It is that time of the academic year when most instructors prepare to begin teaching a new cohort of perceptive, young minds joining university campuses. As an instructor of economics, it is fascinating to welcome students, introduce them to higher possibilities of learning, and teach foundational concepts using illustrative cases based on real-world scenarios.
Economics in the larger field of social sciences, and over the last century or so, has occupied a vital space in understanding different aspects of human behaviour.There remains little scope for disputing this fact. However, the method of teaching, learning and studying basic economics still provokes debates among members both within and outside the econ-tribe.
These debates have intensified since the time of the great recession (2007-08), particularly with regard to the relevance of mathematical models and the extent to which they can help us provide answers to a complex web of social and economic problems in an age of uncertainty. This critical dialogical process has allowed distinguished economists like Jean Tirole, Paul Krugman, and Dani Rodrik to argue for greater public dissemination of economic ideas and a strengthening of the weakened social contract between the economist and civil society. At the same time, on the methodological relevance of modelling in economics, there remain some important points to be made.
Modelling in basic economics plays an instrumental role in explaining the essential workings of a given society. Economic models, as Dani Rodrik argues, despite their “simplicity, (mathematical) formalism and neglect of many facets of the real world”, remain integral to the discipline. What’s important to emphasize here though is that any given model, whether testing for the effectiveness of a tax policy or the role of tariffs in creating new jobs, may seem to work only in a given context. Different contexts can drastically affect stated outcomes of models. An under-acknowledgment of this contextual condition in modelling often gets most economists (advocating for “a” model as “the” model) into trouble. Analysing the effective role of markets in distributing scarce resources and gains between agents, buyers and sellers in a particular society can involve the use of models to explain the relationship of any one aspect of the agent-market relationship, assuming other conditions to be constant. Thus, any model can (at best) help us focus on particular causes to show their effects through the system in a given period. To achieve this, a modeller needs to operate from an abstract, artificial position to study the extent of a causal degree of relationship between social variables, which, from their respective real-world position, would be difficult (if not impossible) to analyse on their own.
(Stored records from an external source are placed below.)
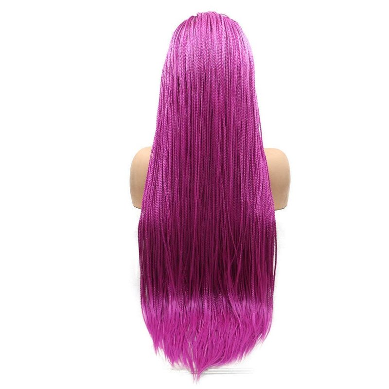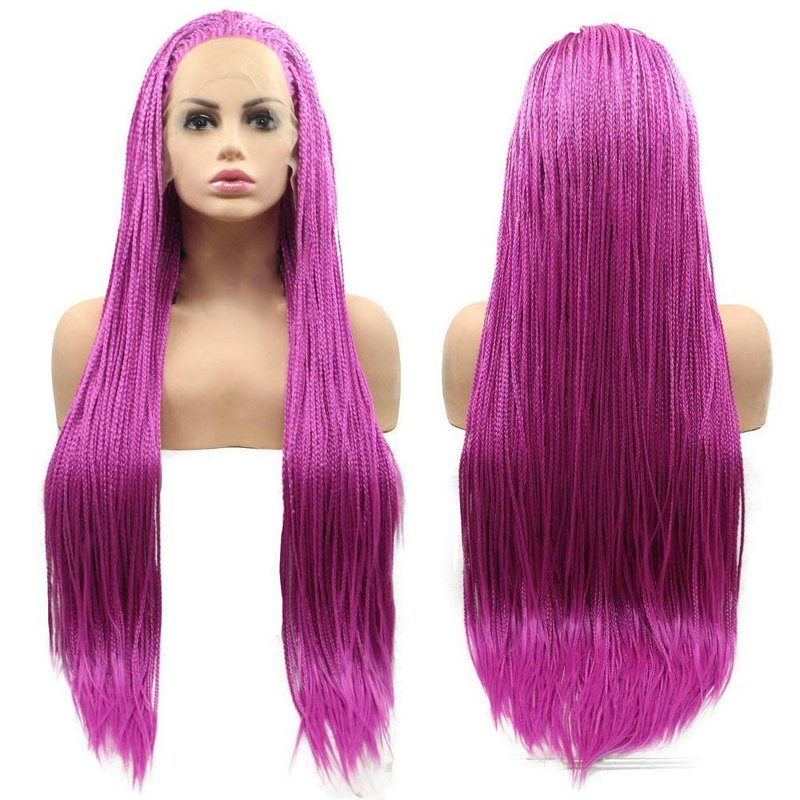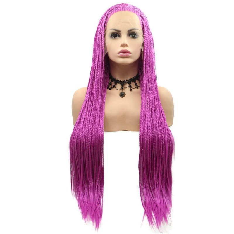 Purple Long Box Braided Wigs Micro Braided Lace Front Wigs for Women Hot Purple Braid Synthetic Wigs Glueless Heat Resistant Fiber Hair for Cosplay Party 28inches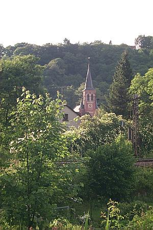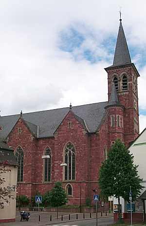 Stattliche neugotische Hallenkirche, bichromer Sandsteinquaderbau mit treppenturmflankiertem Eingangsturm, 1873–75, Architekt Carl Arendt, Luxemburg; Chorfenster und ein Schiffsfenster, 1960 und 1991 von Jakob Schwarzkopf. [2]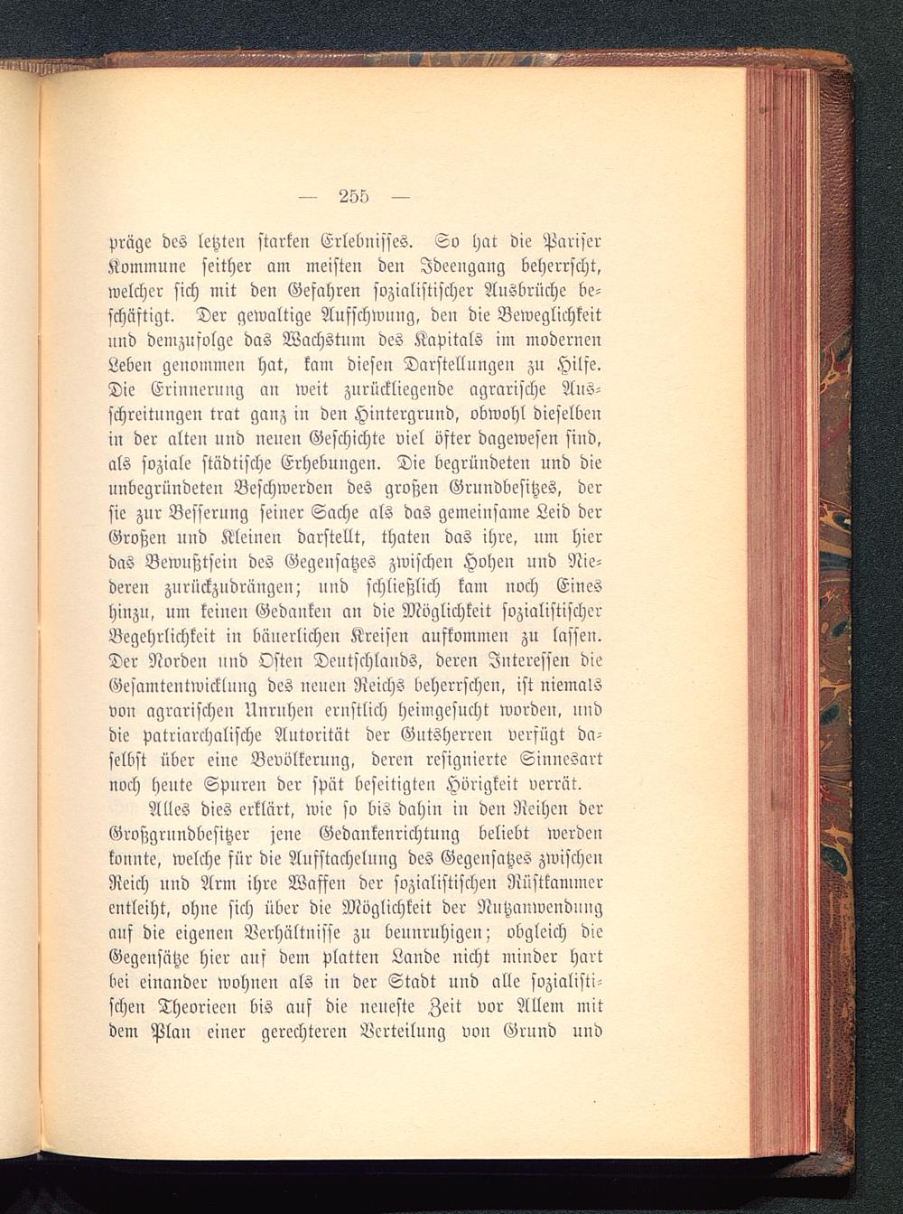 Alles dies erklärt, wie so bis dahin in den Reihen derGroßgrundbesitzer jene Gedaukenrichtung beliebt werdenkonnte, welche für die Aufstachelung des Gegensatzes zwischenReich und Arm ihre Waffen der sozialistischen Rüstkammerentleiht, ohne sich über die Möglichkeit der Nutzanwendungauf die eigenen Berhältnisfe zu beunruhigen; obgleich dieGegensätze hier auf dem Platten Lande nicht minder hartbei einander wohnen als in der Stadt und alle sozialisti-schen Theorieen bis auf die ueneste Zeit vor Allem mitdem Plan einer gerechteren Verteilung von Grund und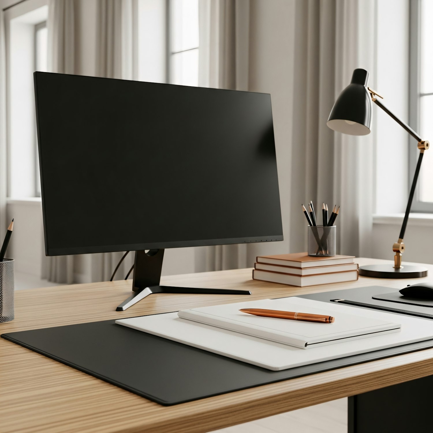 A clean and modern workspace with a sleek monitor, organized desk accessories, and natural light from large windows.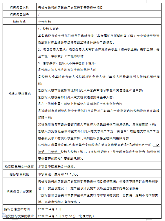 天長(zhǎng)市諭興地區(qū)建筑用玄武巖礦開(kāi)采設(shè)計(jì)項(xiàng)目招標(biāo)公告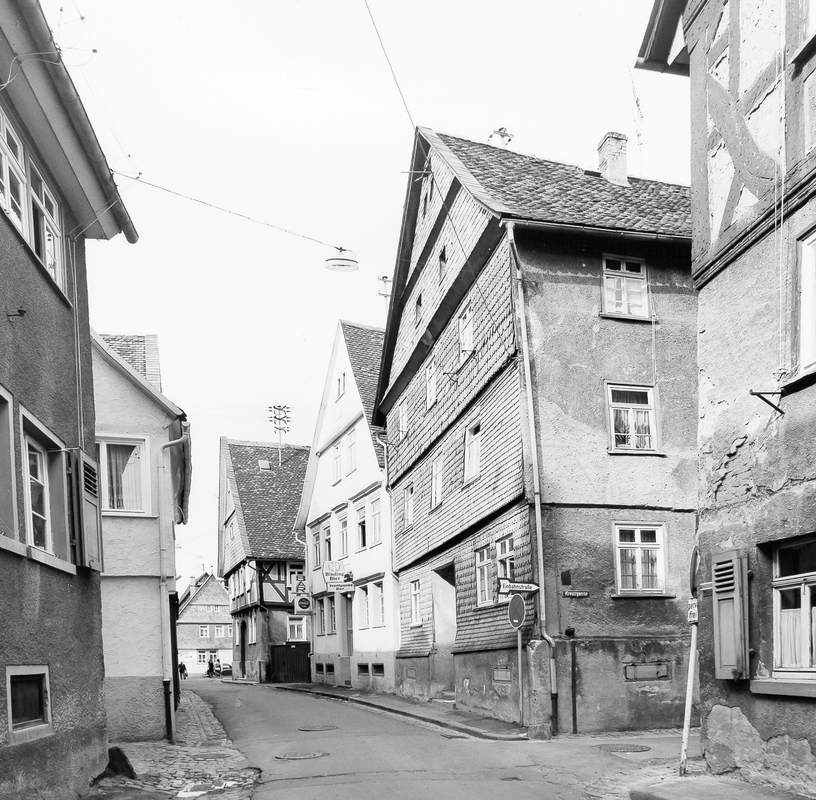Großer, mehrfach übersetzter Fachwerkbau mit zentralem innenliegenden Eingang und mehrstufiger Treppe. Der Fachwerkbau verputzt bzw. holzverschindelt, im Giebel verschiefert. An manchen Stellen karniesprofilierte Schwelle sichtbar. Der Bau ist ungestört was an den Fensterformen ablesbar ist. Reiches Zierfachwerk des 17. Jhs. zu erwarten. Der Bau wirkt stark in den Straßenraum.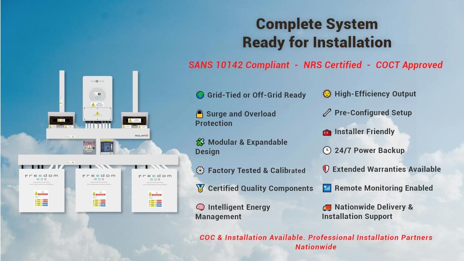 5.0 kW SUNSYNK Hybrid - FREEDOM WON Combo, c/w 3 x 5.0 kWh Lithium Batteries

For example, a simple supply-demand model of a given good/service can help us explain the relationship between the price of that good/service and, let’s say, the total quantity demanded/supplied. This is perhaps one of the simplest and most useful models studied in basic microeconomics. The model seems operational only under certain given conditions (assumptions of “perfect competition”, “rational” human behaviour) to satisfy essential mathematical axioms as a conceptual requirement. It remains highly possible that as conditions of such assumptions change, the results of the model change in such a revised context. The effectiveness of economic models remains, thus, closely connected with the nature and quality of assumptions it works under.
One of the ways by which most debates on the validation of economic models, and the test of their real-world applicability, may be better studied is by incorporating greater use of “narratives” in the method of analysis itself. Narratives here may simply refer to humanist, contextual perspectives accumulated from subjects or recipients who are most likely to be affected by any given model’s application, especially when applied in the form of a policy.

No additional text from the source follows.